Impact of activation functions and number of layers on detection of exudates using circular Hough transform and convolutional neural networks


Adem K.

Expert Systems with Applications, cilt.203, 2022 (SCI-Expanded) identifier

  • Yayın Türü: Makale / Tam Makale
  • Cilt numarası: 203
  • Basım Tarihi: 2022
  • Doi Numarası: 10.1016/j.eswa.2022.117583
  • Dergi Adı: Expert Systems with Applications
  • Derginin Tarandığı İndeksler: Science Citation Index Expanded (SCI-EXPANDED), Scopus, Academic Search Premier, PASCAL, Aerospace Database, Applied Science & Technology Source, Communication Abstracts, Computer & Applied Sciences, INSPEC, Metadex, Public Affairs Index, Civil Engineering Abstracts
  • Anahtar Kelimeler: Activation functions, CNN, Exudate, Image processing, ReLU, Swish
  • Sivas Cumhuriyet Üniversitesi Adresli: Hayır

Özet

Convolutional neural networks (CNN), which are used for object detection, are widely used in image recognition and segmentation fields due to their good performance. In this study, a method is proposed for the detection of exudate from DR lesions based on image processing and CNN model with different activation functions and layer numbers. Activation functions are one of the main reasons why the CNN model is complicated in hierarchical structure. CNN models have real artificial intelligence capabilities, especially thanks to non-linear activation functions. Although ReLU is the most commonly used activation function in CNN models, it has some shortcomings in practice. The most important shortcoming is that if the input value is negative, the learning process will slow down due to the inability to take the derivative. In order to solve this problem, the effect of the activation function in the CNN model on a real world problem and its image was investigated in this study.

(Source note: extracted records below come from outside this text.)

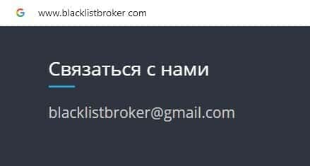 - Контактная информация на веб-ресурсе жульнической конторе BlackListBroker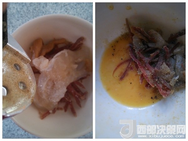 2、加點(diǎn)食鹽和雞粉揉勻之后腌制半個小時;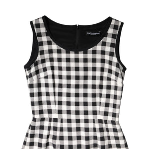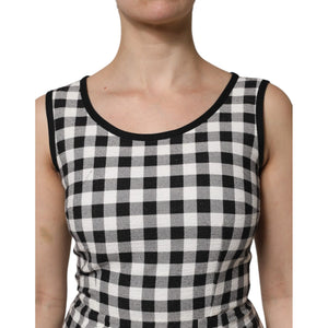 Dolce & Gabbana White Black Checkered Sleeveless Sheath Dress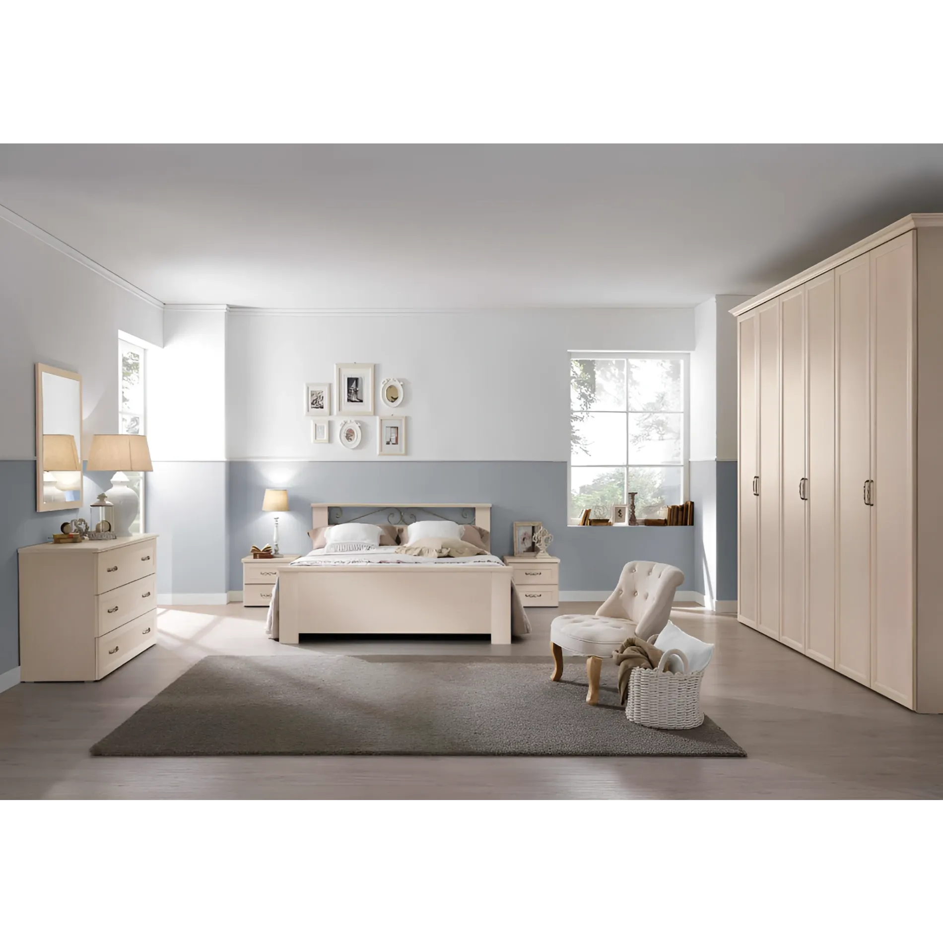 Il letto matrimoniale presenta una testata lavorata con inserto che riprende le maniglie di armadio e comodini e pediera squadrata, in finitura Beige patinato. Supporta rete e materasso (non inclusi) 160x190.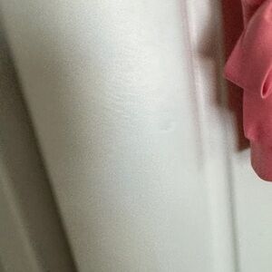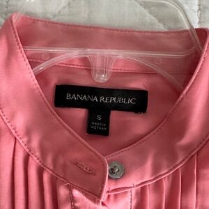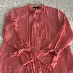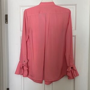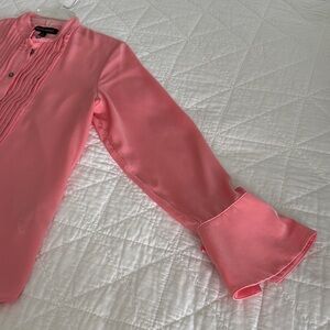 Stylish pink button-up blouse with pleated front. Perfect for any occasion. Pretty bell cuff with bow detail. Washes easily. Non-smoking home.

By applying circular Hough transform, one of the image processing methods, the OD region, which has a similar structure to the exuding regions, was determined and removed from the image, and then the detection of the exuding regions was carried out using the CNN model. Exudate detection was performed using ReLU, ELU, Leaky ReLU, Softplus and Swish activation functions in the CNN model and the results were compared. Experimental results in DiaretDB0 and DiaretDB1 databases show that the Swish activation function has a better performance than the others.